### PROBLEM TO SOLVE
Skip the pictures. Output only the lines below starting at the line with "A Campbell Scientific" and ending at the line with "Patchy hair loss Alopecia Areata", both ends included, exactly as they are.

### INPUT DATA

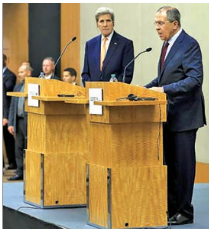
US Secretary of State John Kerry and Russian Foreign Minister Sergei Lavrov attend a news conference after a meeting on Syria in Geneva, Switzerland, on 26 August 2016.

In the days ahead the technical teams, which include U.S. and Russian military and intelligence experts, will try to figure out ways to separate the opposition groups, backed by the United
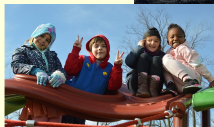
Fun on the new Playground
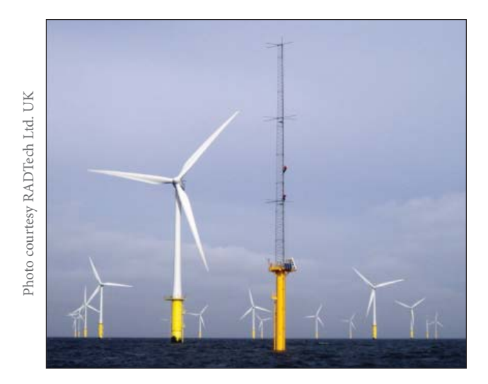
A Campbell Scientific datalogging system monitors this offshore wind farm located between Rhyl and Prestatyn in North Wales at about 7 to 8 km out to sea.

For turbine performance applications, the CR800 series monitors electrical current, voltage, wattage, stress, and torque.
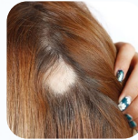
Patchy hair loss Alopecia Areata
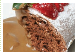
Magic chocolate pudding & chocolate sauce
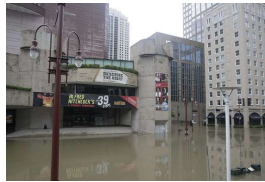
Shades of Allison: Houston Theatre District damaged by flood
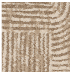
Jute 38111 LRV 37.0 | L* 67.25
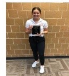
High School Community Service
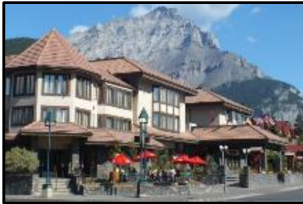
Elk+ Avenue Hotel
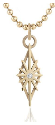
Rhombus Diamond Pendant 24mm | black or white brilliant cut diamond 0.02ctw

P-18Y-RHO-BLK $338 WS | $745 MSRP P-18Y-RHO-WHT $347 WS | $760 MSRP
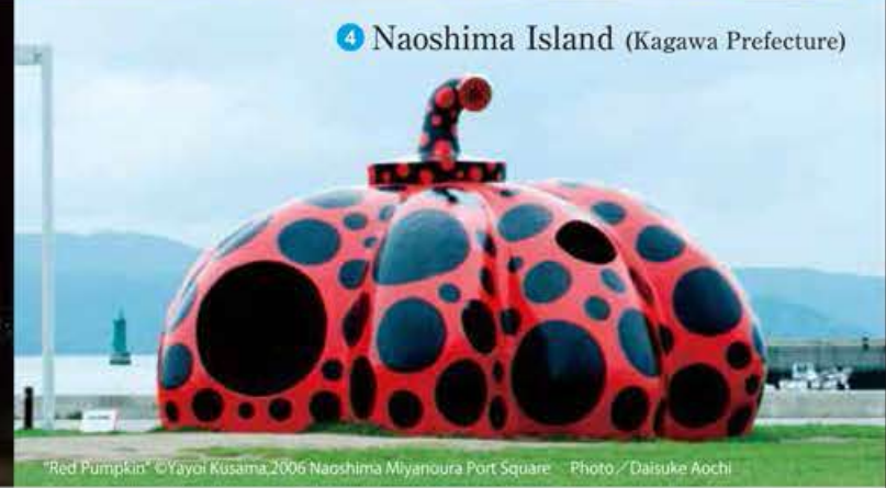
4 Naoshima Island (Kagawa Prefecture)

### ANSWER AREA
A Campbell Scientific datalogging system monitors this offshore wind farm located between Rhyl and Prestatyn in North Wales at about 7 to 8 km out to sea.

For turbine performance applications, the CR800 series monitors electrical current, voltage, wattage, stress, and torque.
Patchy hair loss Alopecia Areata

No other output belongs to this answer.